• Goal of the exercise: Since the pictures are not wanted, reproduce only the rest of the records, exactly as given.

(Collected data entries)
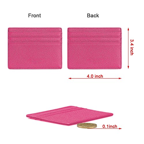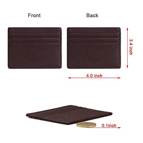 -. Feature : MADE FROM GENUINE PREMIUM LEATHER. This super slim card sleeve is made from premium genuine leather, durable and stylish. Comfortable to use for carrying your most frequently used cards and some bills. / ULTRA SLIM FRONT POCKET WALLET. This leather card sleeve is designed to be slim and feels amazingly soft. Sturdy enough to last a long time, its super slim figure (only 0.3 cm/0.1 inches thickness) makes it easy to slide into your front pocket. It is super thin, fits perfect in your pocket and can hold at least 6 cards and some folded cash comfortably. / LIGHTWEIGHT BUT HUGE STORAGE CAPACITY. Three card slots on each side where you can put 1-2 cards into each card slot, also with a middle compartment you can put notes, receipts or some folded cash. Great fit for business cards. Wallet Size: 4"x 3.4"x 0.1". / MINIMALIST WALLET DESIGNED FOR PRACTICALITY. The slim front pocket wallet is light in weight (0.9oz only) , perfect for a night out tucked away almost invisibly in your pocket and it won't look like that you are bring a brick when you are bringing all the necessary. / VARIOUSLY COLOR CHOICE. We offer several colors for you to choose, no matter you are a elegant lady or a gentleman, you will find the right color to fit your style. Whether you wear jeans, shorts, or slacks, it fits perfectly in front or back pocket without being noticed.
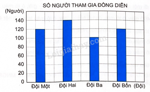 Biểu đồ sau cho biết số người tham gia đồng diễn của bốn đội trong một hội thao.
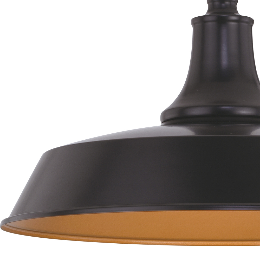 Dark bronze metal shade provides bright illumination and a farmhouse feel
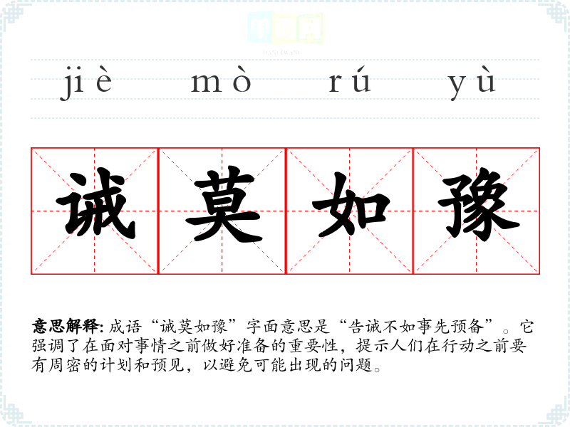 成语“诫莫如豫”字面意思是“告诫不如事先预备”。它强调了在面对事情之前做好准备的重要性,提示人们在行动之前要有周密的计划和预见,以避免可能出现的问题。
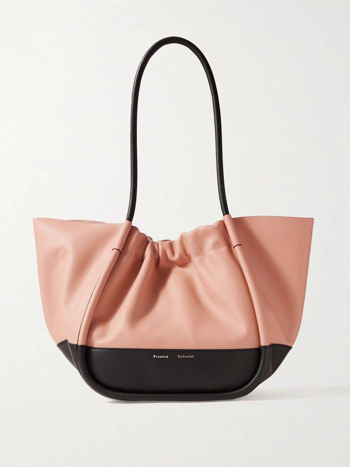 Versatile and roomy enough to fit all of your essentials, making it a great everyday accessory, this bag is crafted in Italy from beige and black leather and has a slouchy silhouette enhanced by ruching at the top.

• Answer box:
 -. Feature : MADE FROM GENUINE PREMIUM LEATHER. This super slim card sleeve is made from premium genuine leather, durable and stylish. Comfortable to use for carrying your most frequently used cards and some bills. / ULTRA SLIM FRONT POCKET WALLET. This leather card sleeve is designed to be slim and feels amazingly soft. Sturdy enough to last a long time, its super slim figure (only 0.3 cm/0.1 inches thickness) makes it easy to slide into your front pocket. It is super thin, fits perfect in your pocket and can hold at least 6 cards and some folded cash comfortably. / LIGHTWEIGHT BUT HUGE STORAGE CAPACITY. Three card slots on each side where you can put 1-2 cards into each card slot, also with a middle compartment you can put notes, receipts or some folded cash. Great fit for business cards. Wallet Size: 4"x 3.4"x 0.1". / MINIMALIST WALLET DESIGNED FOR PRACTICALITY. The slim front pocket wallet is light in weight (0.9oz only) , perfect for a night out tucked away almost invisibly in your pocket and it won't look like that you are bring a brick when you are bringing all the necessary. / VARIOUSLY COLOR CHOICE. We offer several colors for you to choose, no matter you are a elegant lady or a gentleman, you will find the right color to fit your style. Whether you wear jeans, shorts, or slacks, it fits perfectly in front or back pocket without being noticed.
 Biểu đồ sau cho biết số người tham gia đồng diễn của bốn đội trong một hội thao.
 Dark bronze metal shade provides bright illumination and a farmhouse feel
 成语“诫莫如豫”字面意思是“告诫不如事先预备”。它强调了在面对事情之前做好准备的重要性,提示人们在行动之前要有周密的计划和预见,以避免可能出现的问题。
 Versatile and roomy enough to fit all of your essentials, making it a great everyday accessory, this bag is crafted in Italy from beige and black leather and has a slouchy silhouette enhanced by ruching at the top.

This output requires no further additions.